> **Exercise details**: Could you retype the records word for word but without any pictures?

*** Data shown Section Begins ***

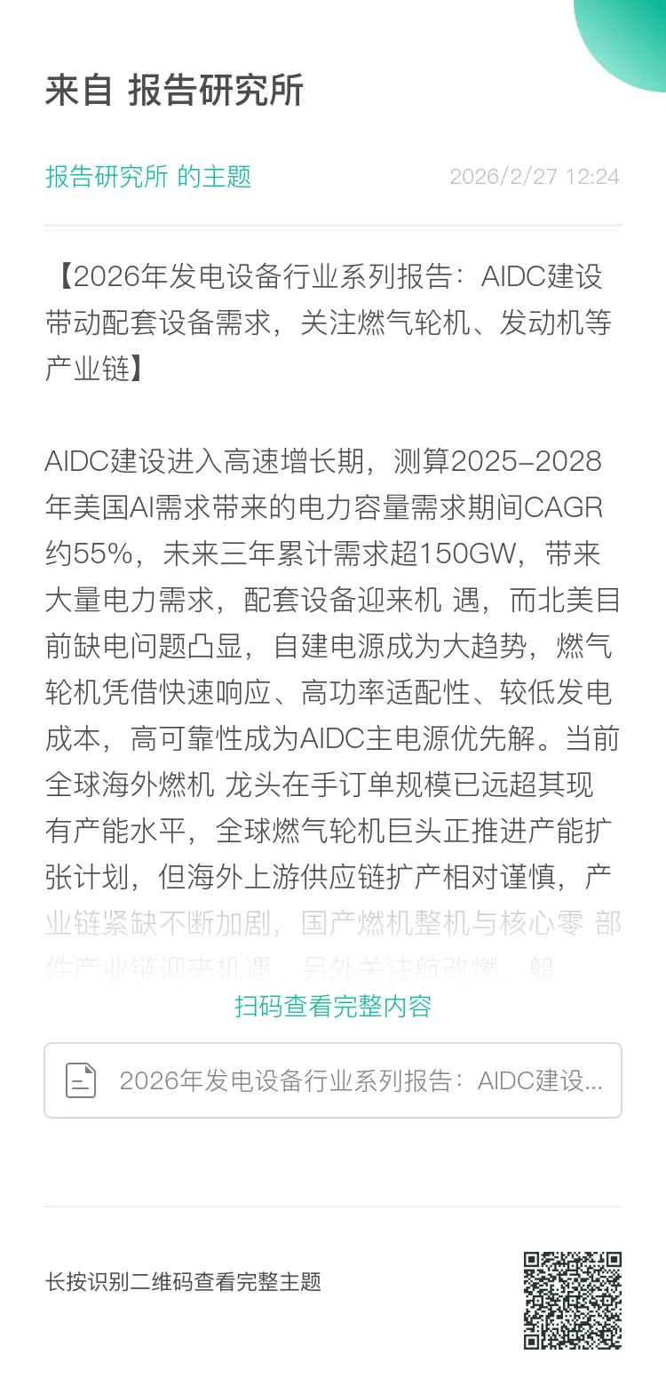 海外数据中心建设带动燃气轮机需求,多个人工智能巨头纷纷采用燃气轮机作为电力供应源。国内电网基础设施完善,AIDC主用电源 为外部电网供电,美国电网老化,新增发电容量并网延迟,超50%区域存在缺电风险。在此背景下,美国AIDC主用电源通常采用燃气轮 机发电,如xAI、Google、Meta、Crusoe AI等人工智能巨头纷纷订购燃气轮机来进行AIDC建设;西门子、GE Vernova、贝克休斯等燃气 轮机供应商也纷纷斩获数据中心客户订单。
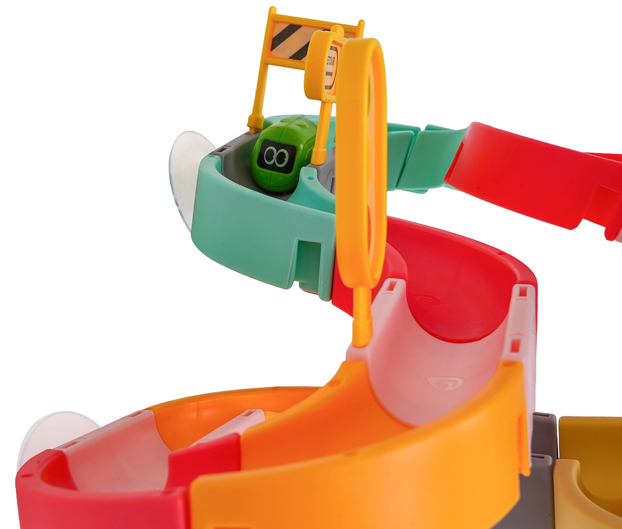 Uzbūvējiet savu ūdens sacīkšu trasi tieši vannā. Modulārās detaļas viegli savienojas, un pateicoties piesūcekļiem tās var piestiprināt pie flīzēm, vannas vai citām gludām virsmām. Atliek nolikt startā miniautomašīnīti un apliet to ar dušu – ūdens straume to aizdzīs pa trasi līdz pat ūdenim.
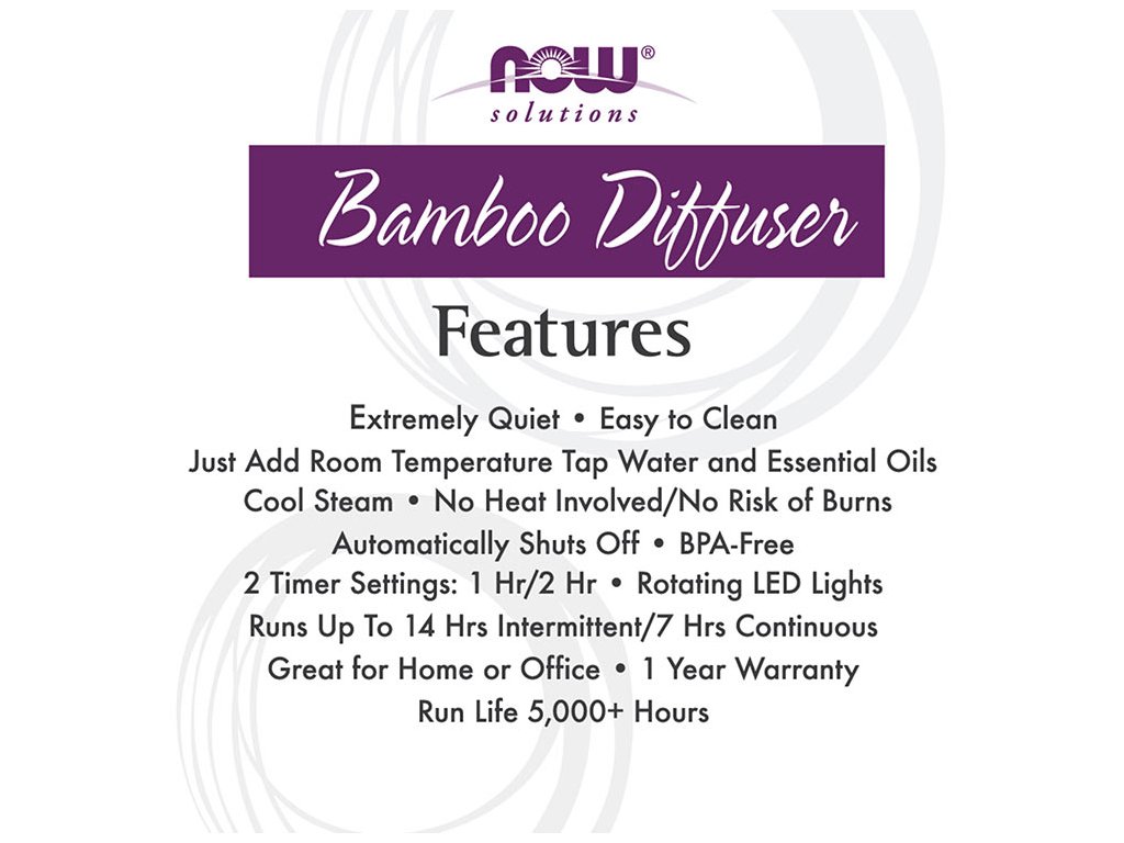 Ultrazvukový olejový difuzér NOW® Solutions Real Bamboo je atraktivní difuzér, který neobsahuje BPA a využívá vysokofrekvenční ultrazvukové elektrické vibrace k vytváření velmi jemné mlhy. Při této difuzní metodě se nepoužívá teplo, což zachovává integritu a holistické vlastnosti esenciálního oleje.
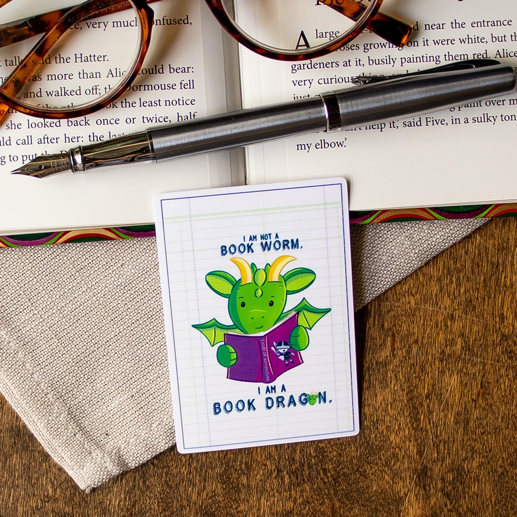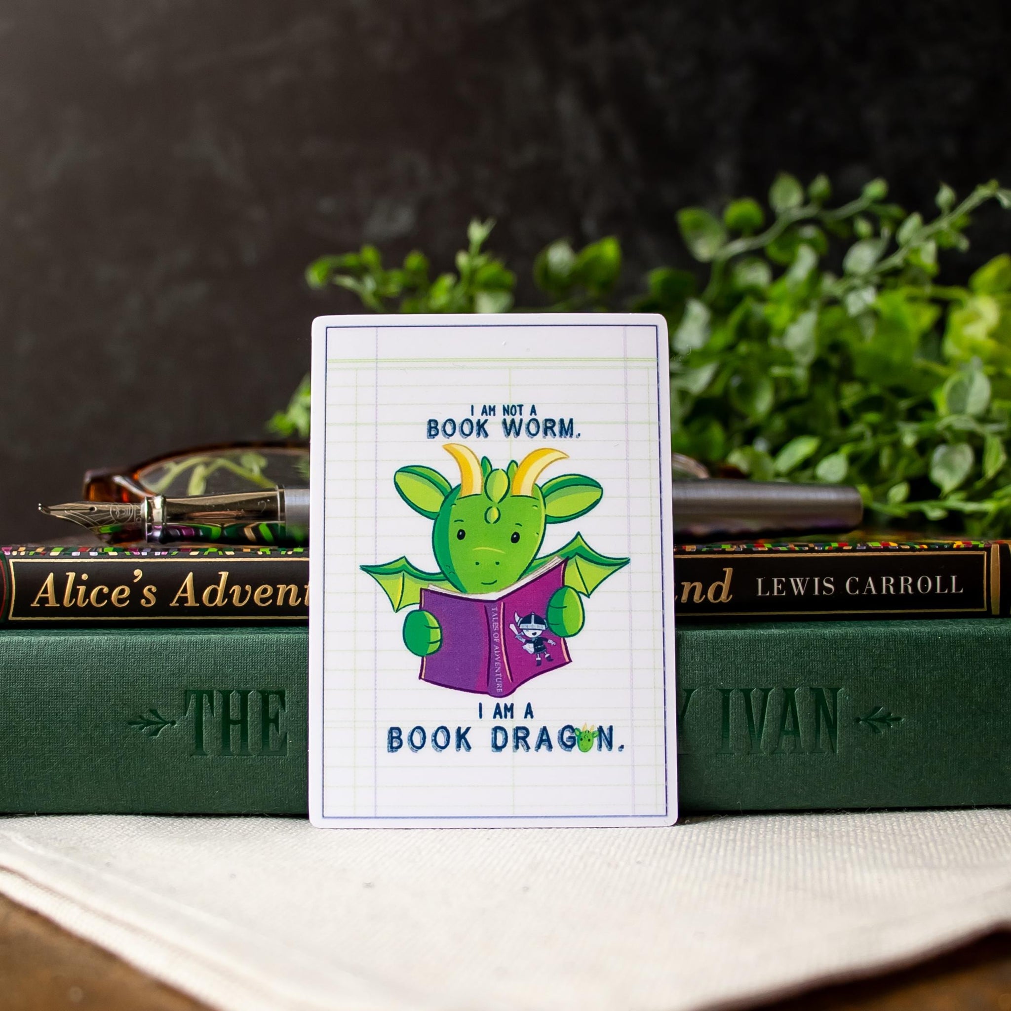 This handmade matte-finish laminated vinyl sticker features a whimsical green dragon reading a book, perfect for decorating water bottles, laptops, journals, and more.
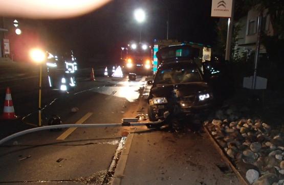 einem Kandelaber. Das Fahrzeug erlitt dabei
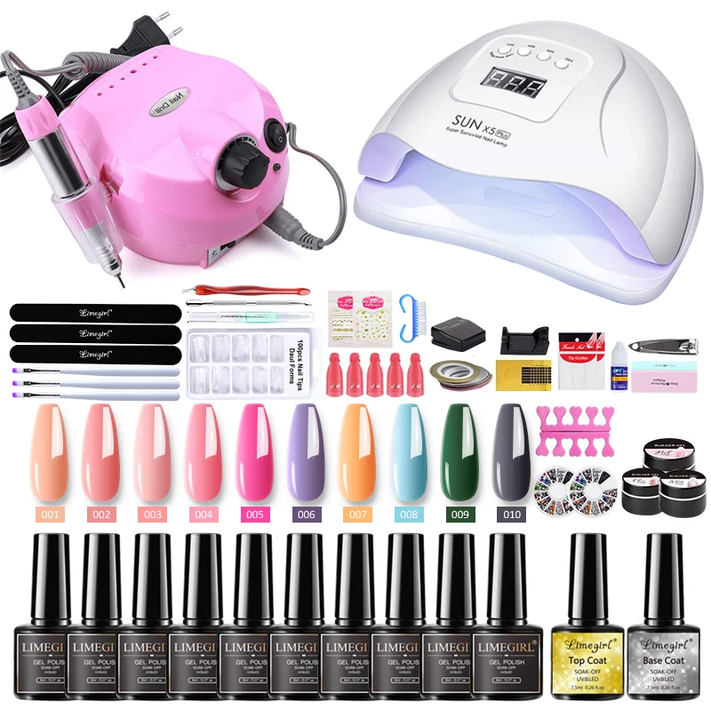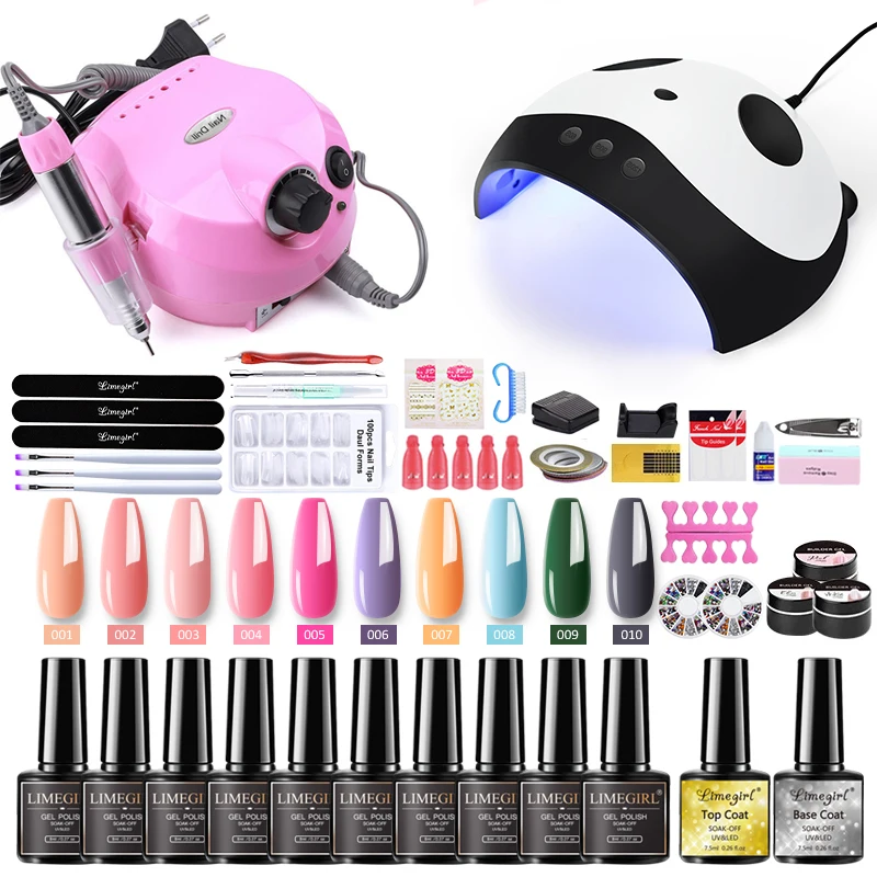 Маникюрный набор со светодиодной лампой 120 Вт72 Вт54 Вт, маникюрный набор с машинкой 35000 обмин для обработки ногтей, 10 цветов, набор инструментов для УФ-гель-лака

*** Data shown Section Ends ***

> **Solution to this exercise**:
 海外数据中心建设带动燃气轮机需求,多个人工智能巨头纷纷采用燃气轮机作为电力供应源。国内电网基础设施完善,AIDC主用电源 为外部电网供电,美国电网老化,新增发电容量并网延迟,超50%区域存在缺电风险。在此背景下,美国AIDC主用电源通常采用燃气轮 机发电,如xAI、Google、Meta、Crusoe AI等人工智能巨头纷纷订购燃气轮机来进行AIDC建设;西门子、GE Vernova、贝克休斯等燃气 轮机供应商也纷纷斩获数据中心客户订单。
 Uzbūvējiet savu ūdens sacīkšu trasi tieši vannā. Modulārās detaļas viegli savienojas, un pateicoties piesūcekļiem tās var piestiprināt pie flīzēm, vannas vai citām gludām virsmām. Atliek nolikt startā miniautomašīnīti un apliet to ar dušu – ūdens straume to aizdzīs pa trasi līdz pat ūdenim.
 Ultrazvukový olejový difuzér NOW® Solutions Real Bamboo je atraktivní difuzér, který neobsahuje BPA a využívá vysokofrekvenční ultrazvukové elektrické vibrace k vytváření velmi jemné mlhy. Při této difuzní metodě se nepoužívá teplo, což zachovává integritu a holistické vlastnosti esenciálního oleje.
 This handmade matte-finish laminated vinyl sticker features a whimsical green dragon reading a book, perfect for decorating water bottles, laptops, journals, and more.
 einem Kandelaber. Das Fahrzeug erlitt dabei
 Маникюрный набор со светодиодной лампой 120 Вт72 Вт54 Вт, маникюрный набор с машинкой 35000 обмин для обработки ногтей, 10 цветов, набор инструментов для УФ-гель-лака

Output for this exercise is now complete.